Synthetic cannabinoids are composed of various psychoactive chemicals called cannabimimetics that have affinity for cannabinoid receptor type 1 (CB-1), resulting in a “high.” Manufacturers of synthetic cannabinoids frequently change the formulation to avoid regulation.
The CDC report noted that the current analysis suggests that “synthetic cannabinoids pose an emerging public health threat … [and] a need for greater public health surveillance and awareness, targeted public health messaging, and enhanced efforts to remove these products from the market.”
Law R, Schier J, Martin C, et al. Increase in Reported Adverse Health Effects Related to Synthetic Cannabinoid Use—United States, January–May 2015. Morbidity and Mortality Weekly Report. 2015. 64(22):618-19.
Psychotic Experiences Reported in General Population, Study Finds
Psychotic experiences, such as hallucinations and delusions, are not restricted to individuals with certain mental illnesses—the general population sometimes experiences these symptoms too, according to a study in JAMA Psychiatry.
Researchers from the University of Queensland in Australia and Harvard Medical School analyzed data from the World Health Organization World Mental Health Surveys that included more than 31,000 adults to assess the lifetime prevalence of psychotic experiences among the general population.
The analysis revealed that 5.8 percent of those surveyed reported having at least one psychotic experience in their lifetime, with hallucinatory experience being the most prevalent at 5.2 percent compared with delusional experience at 1.3 percent. The results also showed lifetime prevalence of psychotic experiences was higher among women (6.6 percent) than men (5 percent) and higher among individuals who lived in middle-income (7.2 percent) and high-income (6.8 percent) countries than those in low-income countries (3.2 percent). However, the psychotic experiences were infrequent, with 32.2 percent of respondents with lifetime psychotic experiences reporting only one episode and 31.8 percent reporting having experienced two to five episodes.

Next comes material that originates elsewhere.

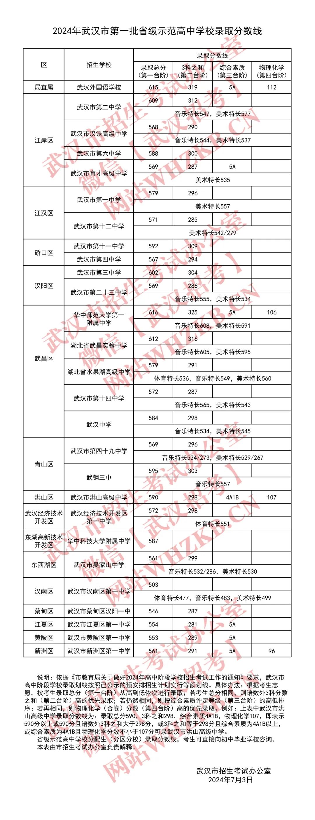 2024年武汉市第一批省示范高中录取分数线公布
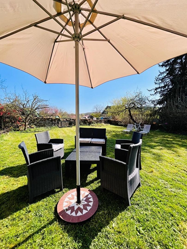 Composition : Maison de village mitoyenne à logement propriétaires & habitation voisine (totale indépendance). Chauffage central fioul. Wifi (fibre). Rdc : séjour-cuisine, 2 chambres (lit 2 p. 160x200cm dans chaque), salle d'eau (douche/Wc). 1er étage : salon (TV & cave à vins), 1 chambre (lit 2 p. 160x200cm) avec salle de bain privée (baignoire + douche + Wc). Jardin clos (500m²) + terrasse + terrain de pétanque + local vélos + parking privés. Commodités dont supermarché 6 km.

“We are interested in learning why some people recover, while others may progress to more serious disorders such as schizophrenia,” John McGrath, M.D., Ph.D., a research professor at the Queensland Brain Institute and lead author of the study, said in a press release. “We can use these findings to start identifying whether the mechanisms causing these hallucinations are the same or different in both situations.”

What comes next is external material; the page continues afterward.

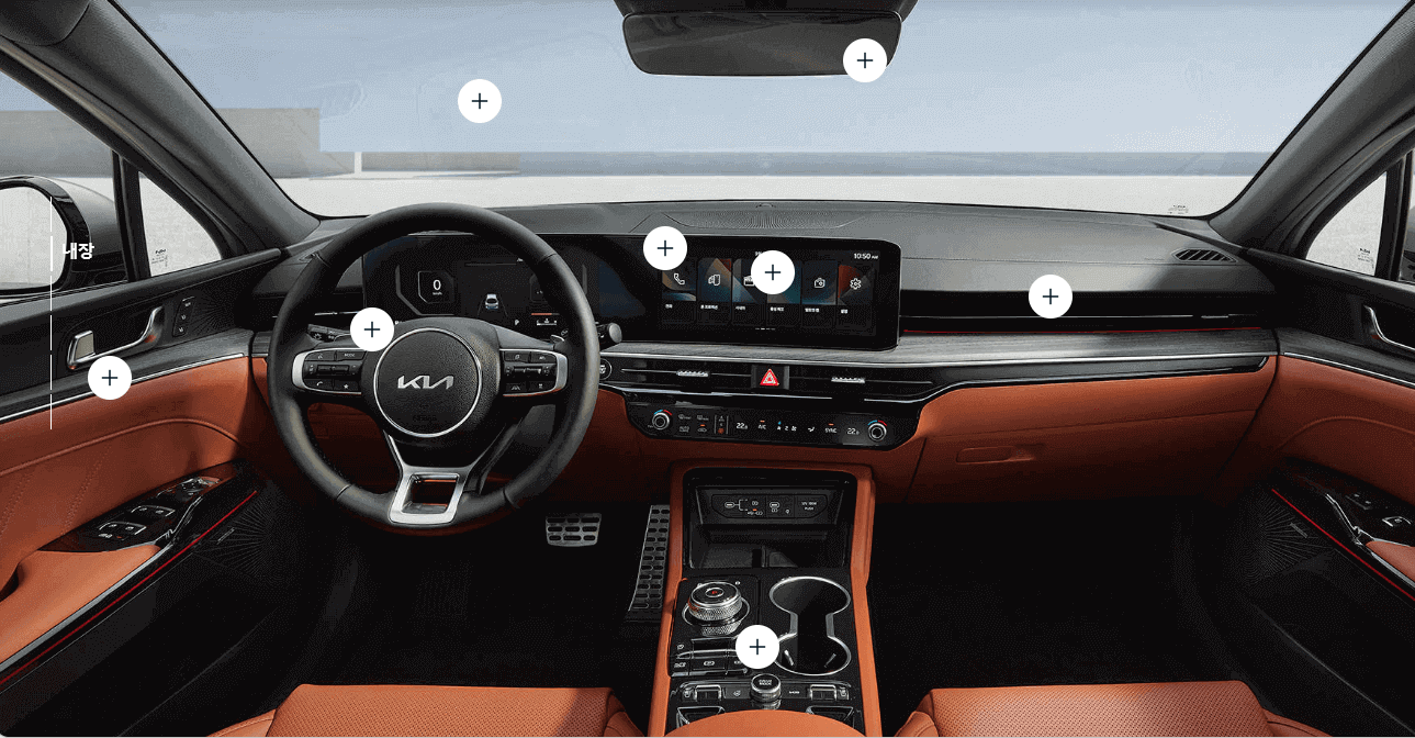 12.3인치 클러스터와 인포테인먼트 시스템을 하나의 화면처럼 연결시킨 통합형 디스플레이로, 기아의 차세대 인포테인먼트 시스템 「ccNC」가 적용되었습니다.

McGrath J, Saha S, Al-Hamzawi A, et al. Psychotic Experiences in the General Population: A Cross-National Analysis Based on 31 261 Respondents From 18 Countries. JAMA Psychiatry. May 27, 2015 [Epub ahead of print]

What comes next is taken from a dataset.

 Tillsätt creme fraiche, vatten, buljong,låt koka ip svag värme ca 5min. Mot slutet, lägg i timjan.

Recurrent Depression, Antidepressant Use Linked to Low Bone Density in Men
Women with major depressive disorder (MDD) are not the only ones who are at risk for low bone density: a new study shows that men with MDD are too.
Researchers at the University of Eastern Finland and Deakin University in Australia analyzed data from a large, population-based osteoporosis study in Australia that included over 900 men aged 24 to 98. This analysis revealed that men with recurrent MDD had significantly lower bone mineral density in the forearm and total body when compared with men with no history of MDD.
In addition, the researchers found that antidepressant use—in men with or without recurrent depression—was associated with reduced bone mineral density of the hip in those men who weighed less than 110 kg.
As it relates to the forearm, the association between antidepressants and reduced bone mineral density was observed only in men who weighed under 75 kg.
The findings suggest that the prevention and early detection of depression may be important factors in reducing osteoporosis in some men, according to the study authors. ■
Rauma P, Pasco J, Berk M, et al. The association between major depressive disorder, use of antidepressants and bone mineral density (BMD) in men. J Musculoskelet Neuronal Interact. 2015. 15(2):177-185.